Definition of Independent Director
"Independent director" means a director who meets each of the following standards listed in (1) through (7) below—(and additionally (8), in the case of audit committee members):
(1) The director has no relationship that, in the opinion of Microsoft’s Board of Directors, would interfere with the exercise of independent judgment in carrying out the responsibilities of a director.
Relationships not affecting independence: Relationships of the following types will not be considered material relationships that would impair a director’s independence:
(a) a director who is, or has a Family Member (as defined below) who is, a director or trustee of a charitable organization to which the Company has made in the Company's last complete fiscal year discretionary charitable contributions that do not exceed the greater of:
(i) $5,000,000, or
(ii) 5 percent of that organization’s annual consolidated gross revenues.
The Company’s automatic matching of employee charitable contributions will not be included in the amount of the Company’s contributions for this purpose;
(b) a director who is a current employee, or has a Family Member who is a current executive officer of, any organization to which the Company made, or from which the Company received, payments, if such payments are less than the threshold set forth in Section (5) below;
(c) a director who has a membership in, or association with, the same professional association or social, educational, fraternal, or religious organization, club, or institution, as an executive officer or another director of the Company; or
(d) a director who serves on the board of another company at which an executive officer or another director of the Company also serves as a board member, except as set forth in Section (6) below.
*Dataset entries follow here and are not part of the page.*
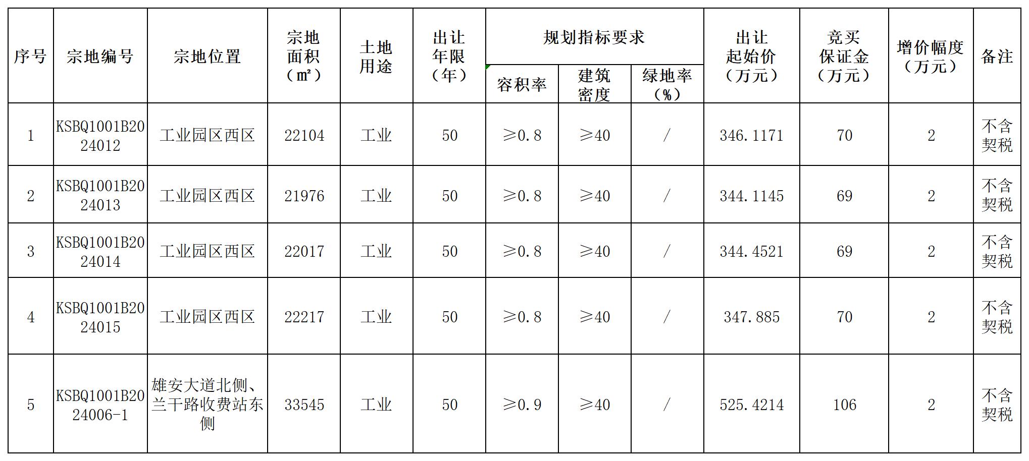 備注:根據(jù)《關于貫徹落實〈新疆維吾爾自治區(qū)關于促進民營經(jīng)濟發(fā)展壯大的若干政策措施〉的責任分解方案》,有市場需求的工業(yè)項目,可實行“帶項目”招標拍賣掛牌供應。1、KSBQ1001B2024012號,KSBQ1001B2024013號、KSBQ1001B2024014號、KSBQ1001B2024015號4宗地需一并競買且滿足以下要求:第一,該地塊需從事智慧化5G倉儲物流設施建設,并邀約國內外頭部的物流科技類企業(yè)參與設計及規(guī)劃,物流設施設備符合5G智慧物流建設標準。第二,該地塊建設完成后需邀約世界500強且為國內外行業(yè)頭部的商貿物流企業(yè)參與招商運營工作。第三,該地塊需當年建設當年投入運營。第四,該地塊建設需配備自動分揀矩陣、AGV貨到人、密集存儲立庫等智能物流硬件設施,WMS、5G智慧安防、5G智能園區(qū)等軟件系統(tǒng)。
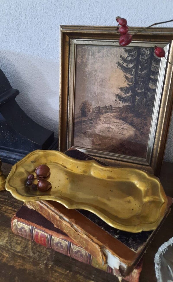 In vintage condition. The tray has some age-related patina wear and tarnish, which is normal for antique brass and only adds to its charm.
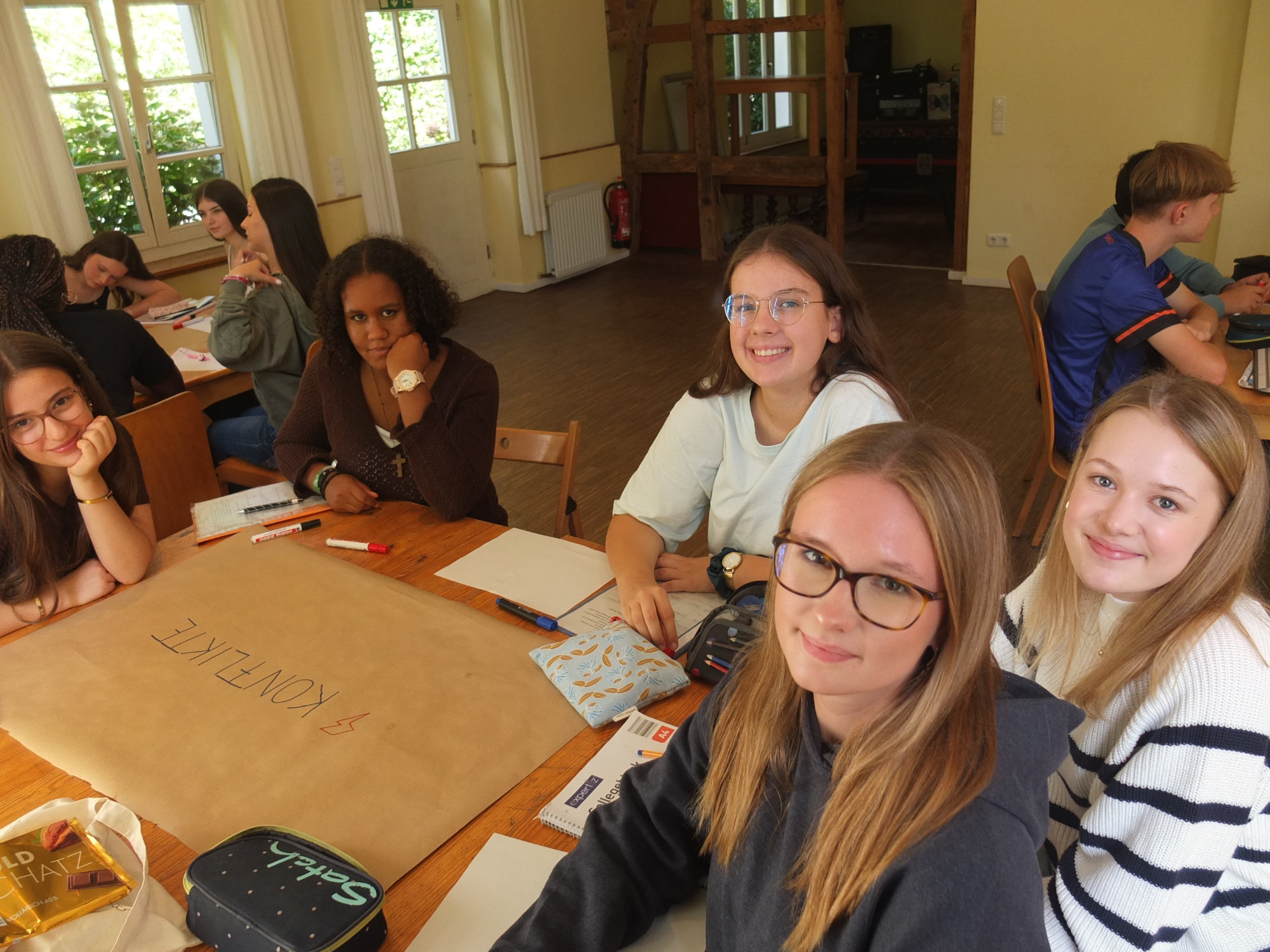 Bereits in der zweiten Schulwoche verbrachten 20 Schülerinnen und Schüler der 10. Klassen unter der Leitung von Frau Steinborn und Herr Sons und drei Co-Coaches aus der EF intensive Seminartage auf dem Hof Fahrenscheidt in Velbert-Langenberg, wo sie zu Streitschlichtern ausgebildet wurden.

(2) The director is not, and has not been at any time during the past three years, an employee or executive officer of the Company.
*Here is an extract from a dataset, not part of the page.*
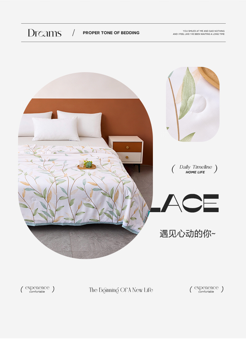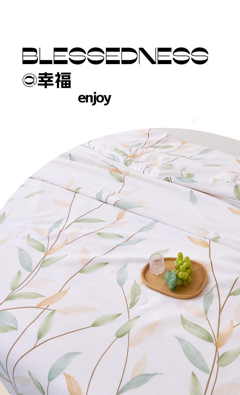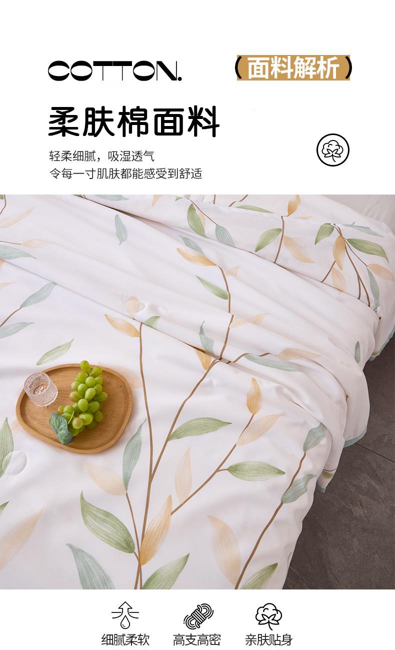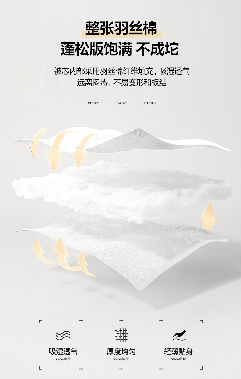 规格:200*230cm 面料:柔肤棉(聚酯纤维) 填充:羽丝棉 重量:1300g 执行标准:GB/T22796-2021 安全类别:GB18401-2010 B类 1.柔软柔肤棉面料,亲肤透气,千爽透气贴着身体,仿佛会呼吸,越睡越上瘾。 2.软软糯糯很亲肤,织造紧密,手感柔软。 3.非湿排热内芯,不再闷湿燥热,我们的水洗棉夏被,内部形成多孔的中空结构,加速排出湿气和热量。
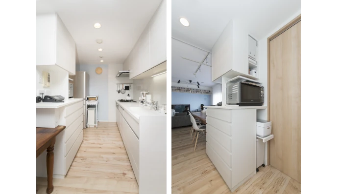 暗かったキッチンは、入り口の両側にあった壁をなくして、明るいオープンキッチンに。また、システムキッチンは向きを90度変え、リビング・ダイニングからも動きやすい動線としました。新設した食器棚は、キッチン家電やごみ箱などをリビング・ダイニングから見えない位置に置けるよう工夫しました。

(3) The director has no Family Member who is, or at any time during the past three years was, employed by the Company as an executive officer.
(4) The director has not accepted and no Family Member has accepted any compensation from the Company in excess of $120,000 during any period of twelve consecutive months within the three years preceding the determination of independence, other than the following:
(a) compensation for Board or board committee service;
(b) compensation paid to a Family Member who is an employee (other than an executive officer) of the Company; or
(c) benefits under a tax-qualified retirement plan, or non-discretionary compensation.
(5) Neither the director nor any Family Member is a partner in, or a controlling shareholder or an executive officer of, any organization to which the Company made, or from which the Company received, payments for property or services in the current or any of the past three fiscal years that exceed the greater of:
(a) 5 percent of the recipient's consolidated gross revenues for that year, or
(b) $200,000 in each case, excluding:
(i) payments arising solely from investments in the Company's securities; or
(ii) payments under non-discretionary charitable contribution matching programs.
(6) Neither the director nor any Family Member is employed as an executive officer of another entity where at any time during the past three years any of the executive officers of the Company serve on the compensation committee of such other entity.
(7) Neither the director nor any Family Member is a current partner of the Company's outside auditor, or was a partner or employee of the Company's outside auditor who worked on the Company's audit at any time during any of the past three years.
(8) Additional independence requirements for audit committee members: Audit committee members may not, other than in the capacity as a member the board of directors or any board committee:
(a) accept directly or indirectly any consulting, advisory, or other compensatory fee from the Company or any subsidiary, other than fixed amounts of compensation under a retirement plan (including deferred compensation) for prior service with the Company (provided that such compensation is not contingent on continued service); or
(b) be an affiliated person of the issuer or any subsidiary.
Definition of Family Member
"Family Member" means any child, stepchild, parent, stepparent, spouse, sibling, mother-in law, father-in-law, daughter-in-law, brother-in-law, or sister-in-law, and any person (other than a tenant or employee) sharing a person’s household. For the purpose of this definition, an "in-law" is limited to a person related by blood to the person or his/her spouse.